Circular No. 230 (Rev. 6-2014)

Frequently Asked Questions

News and Guidance

Records about disciplinary actions against practitioners and other tax professionals

Webinars


Issue Number: 2025-7

Inside This Issue


Requesting IRC 6103 Information from the OPR


The Office of Professional Responsibility (OPR) is responsible for matters related to the regulation of tax professionals and other individuals’ practice before the IRS under section 330 of Title 31 of the U.S. Code and 31 Code of Fed’l Regulations (CFR) Subtitle A, Part 10, complied in Circular 230, Regulations Governing Practice before the Internal Revenue Service.[1] The OPR also has exclusive responsibility for discipline imposed on “practitioners” (as well as appraisers and firms or other entities that conduct a tax practice subject to the regulations).[2] The office’s jurisdiction encompasses instituting disciplinary proceedings[3] and pursuing sanctions (censures, suspensions or disbarments from practice, monetary penalties, and appraiser disqualifications).[4]

Although the OPR operates pursuant to a statute in Title 31 (USC) and regulations promulgated thereunder, instead of Title 26 (the Internal Revenue Code (IRC)) and its regulations, and acts generally independently from the IRS’s tax compliance and collection functions, the OPR is, of course, still an IRS business unit and a part of Treasury Department. As such, the OPR is subject to section 6013 of the IRC, Confidentiality and Disclosure of Returns and Return Information, and not only must adhere to the section’s provisions but also apply them in carrying out our casework, as needed.

Additionally, in performing the office’s core responsibilities described above (handling oversight and disciplinary matters related to practice), we work with other IRS business units to safeguard confidential taxpayer information from unauthorized disclosure. The OPR’s case files include federal tax information (FTI) of or pertaining to practitioners who’ve been referred[5] to the OPR for possible misconduct and he FTI of third parties.

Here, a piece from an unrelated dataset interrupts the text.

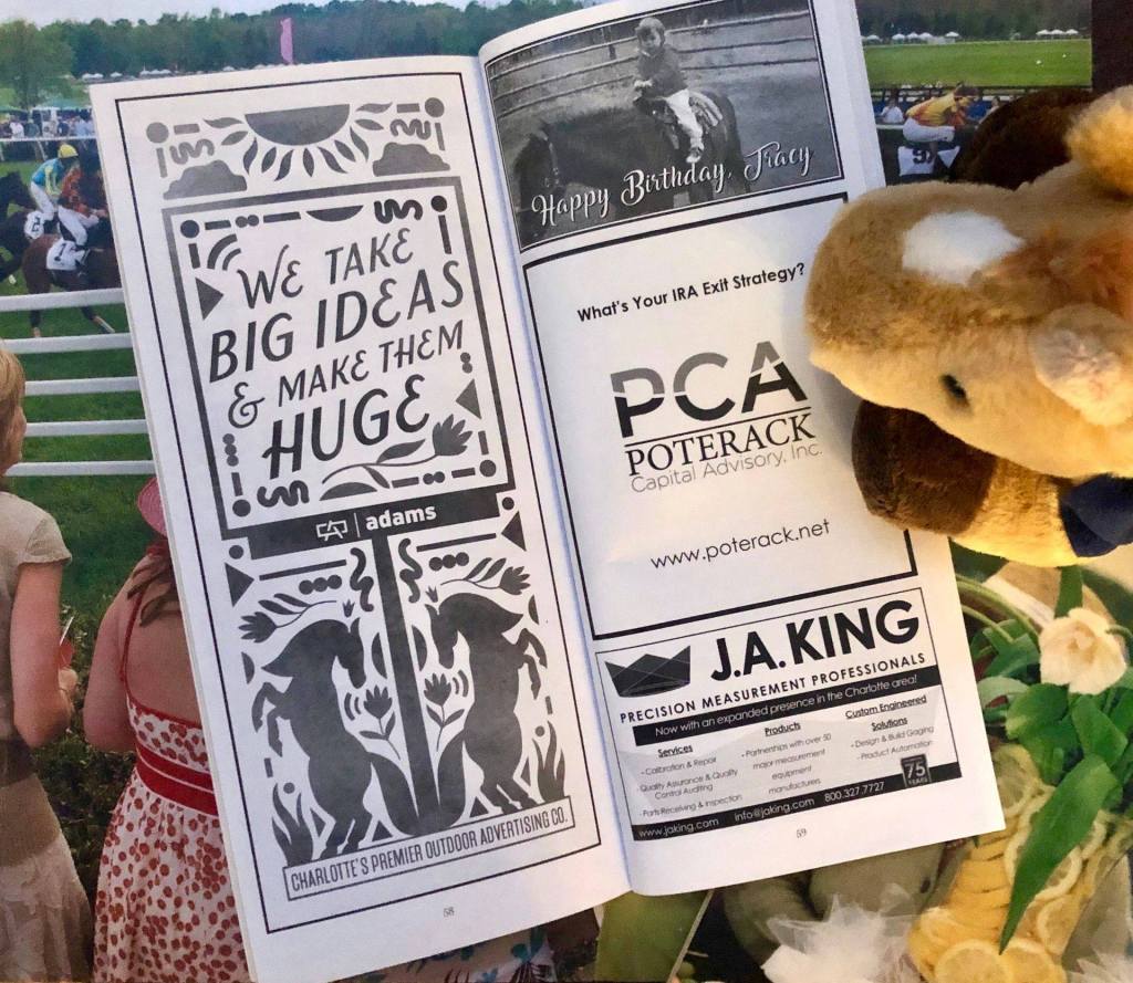 Industries and individuals seeking maximum access and exposure are invited to advertise in the Queen’s Cup Steeplechase’s Official Race Program. 100 percent of ad revenue benefits our Alzheimer’s Association chapter, as the official charity partner. This premier social and sporting event has it all; from style and class to the demographic any business would want to be associated with, advertising in the Official Race Program is a great and inexpensive way to start. Patrons pour over each and every page to look at the photos, ads and of course the entries for each race on the card. Consider this…

When the OPR opens a case upon receipt of an actionable referral to investigate or inquire into the allegations that were reported, the office conducts research, case and development, and analysis. Upon determining to continue with the case, we notify the affected practitioner in writing of the referral and the open case and solicit a response from the practitioner. The letter also informs the practitioner of the opportunity to request, themselves or through their authorized representative(s), underlying documents and other information in the case file. Practitioners and their representatives can obtain copies of non-privileged and otherwise releasable material from the files.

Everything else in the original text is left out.